* RECORDS FOR THE TASK:
——————

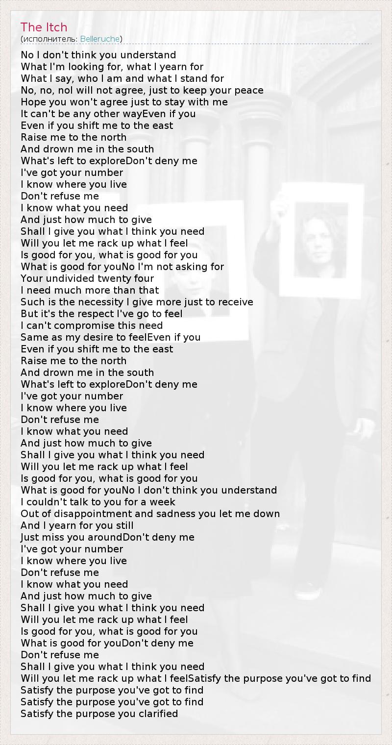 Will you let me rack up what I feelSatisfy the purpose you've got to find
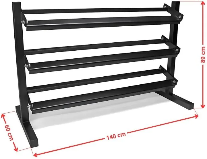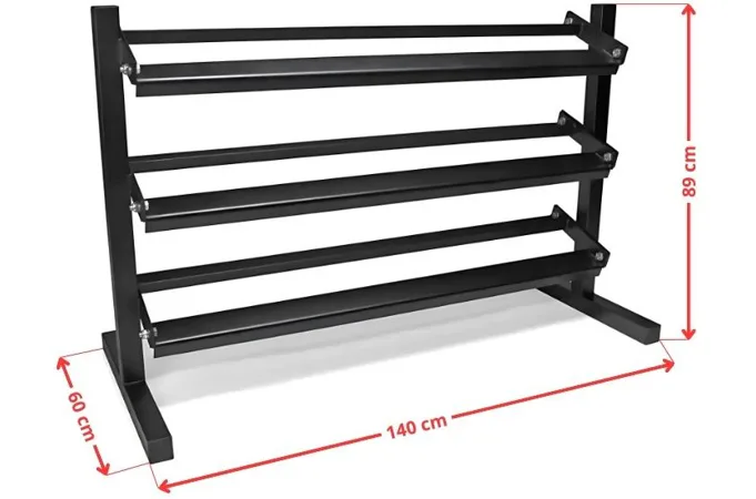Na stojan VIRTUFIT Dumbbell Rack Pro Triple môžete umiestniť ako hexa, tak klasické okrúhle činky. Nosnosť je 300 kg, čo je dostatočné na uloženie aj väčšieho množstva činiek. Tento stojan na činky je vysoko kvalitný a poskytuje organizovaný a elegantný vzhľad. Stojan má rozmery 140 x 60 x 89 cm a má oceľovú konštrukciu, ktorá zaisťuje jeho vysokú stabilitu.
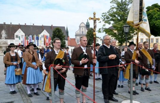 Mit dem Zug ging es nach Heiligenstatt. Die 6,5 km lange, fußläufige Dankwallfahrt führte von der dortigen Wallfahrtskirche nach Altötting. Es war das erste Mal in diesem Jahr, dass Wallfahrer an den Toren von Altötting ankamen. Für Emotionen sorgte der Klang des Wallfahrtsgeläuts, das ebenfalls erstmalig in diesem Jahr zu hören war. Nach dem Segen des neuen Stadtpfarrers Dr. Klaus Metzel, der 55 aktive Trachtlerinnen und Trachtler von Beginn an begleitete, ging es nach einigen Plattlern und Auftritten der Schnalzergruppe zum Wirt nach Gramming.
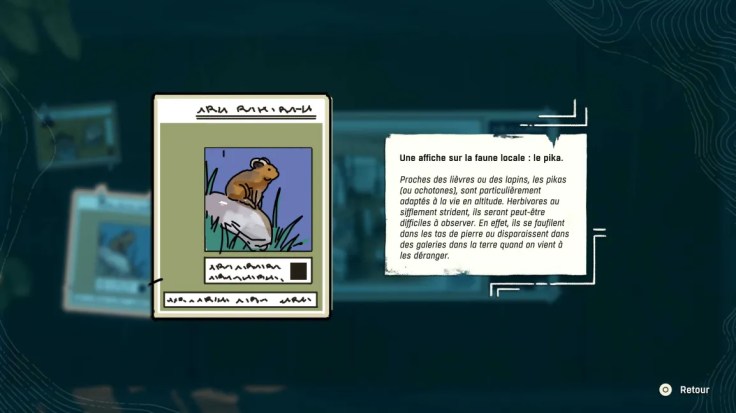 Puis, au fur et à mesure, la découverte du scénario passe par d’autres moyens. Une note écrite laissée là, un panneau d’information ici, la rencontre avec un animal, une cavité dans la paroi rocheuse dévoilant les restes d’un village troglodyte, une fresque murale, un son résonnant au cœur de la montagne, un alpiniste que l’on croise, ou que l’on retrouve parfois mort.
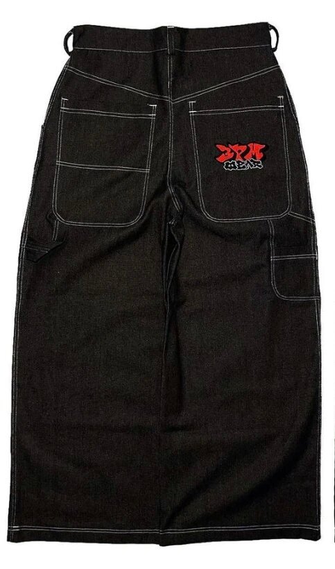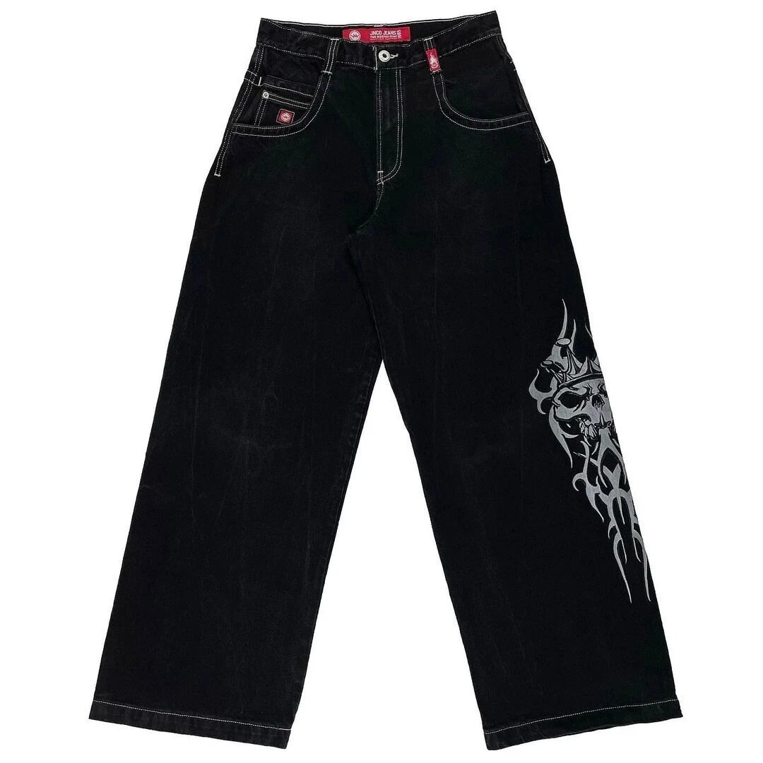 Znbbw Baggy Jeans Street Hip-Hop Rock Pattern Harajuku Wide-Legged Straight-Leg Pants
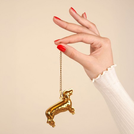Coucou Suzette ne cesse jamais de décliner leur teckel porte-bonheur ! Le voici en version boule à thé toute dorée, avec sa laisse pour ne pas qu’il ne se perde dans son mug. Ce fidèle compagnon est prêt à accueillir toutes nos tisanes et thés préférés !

——————

* ACTIVITY:
Set down each entry above word for word, without its pictures.

* TASK SOLUTION:
 Will you let me rack up what I feelSatisfy the purpose you've got to find
Na stojan VIRTUFIT Dumbbell Rack Pro Triple môžete umiestniť ako hexa, tak klasické okrúhle činky. Nosnosť je 300 kg, čo je dostatočné na uloženie aj väčšieho množstva činiek. Tento stojan na činky je vysoko kvalitný a poskytuje organizovaný a elegantný vzhľad. Stojan má rozmery 140 x 60 x 89 cm a má oceľovú konštrukciu, ktorá zaisťuje jeho vysokú stabilitu.
 Mit dem Zug ging es nach Heiligenstatt. Die 6,5 km lange, fußläufige Dankwallfahrt führte von der dortigen Wallfahrtskirche nach Altötting. Es war das erste Mal in diesem Jahr, dass Wallfahrer an den Toren von Altötting ankamen. Für Emotionen sorgte der Klang des Wallfahrtsgeläuts, das ebenfalls erstmalig in diesem Jahr zu hören war. Nach dem Segen des neuen Stadtpfarrers Dr. Klaus Metzel, der 55 aktive Trachtlerinnen und Trachtler von Beginn an begleitete, ging es nach einigen Plattlern und Auftritten der Schnalzergruppe zum Wirt nach Gramming.
 Puis, au fur et à mesure, la découverte du scénario passe par d’autres moyens. Une note écrite laissée là, un panneau d’information ici, la rencontre avec un animal, une cavité dans la paroi rocheuse dévoilant les restes d’un village troglodyte, une fresque murale, un son résonnant au cœur de la montagne, un alpiniste que l’on croise, ou que l’on retrouve parfois mort.
 Znbbw Baggy Jeans Street Hip-Hop Rock Pattern Harajuku Wide-Legged Straight-Leg Pants
Coucou Suzette ne cesse jamais de décliner leur teckel porte-bonheur ! Le voici en version boule à thé toute dorée, avec sa laisse pour ne pas qu’il ne se perde dans son mug. Ce fidèle compagnon est prêt à accueillir toutes nos tisanes et thés préférés !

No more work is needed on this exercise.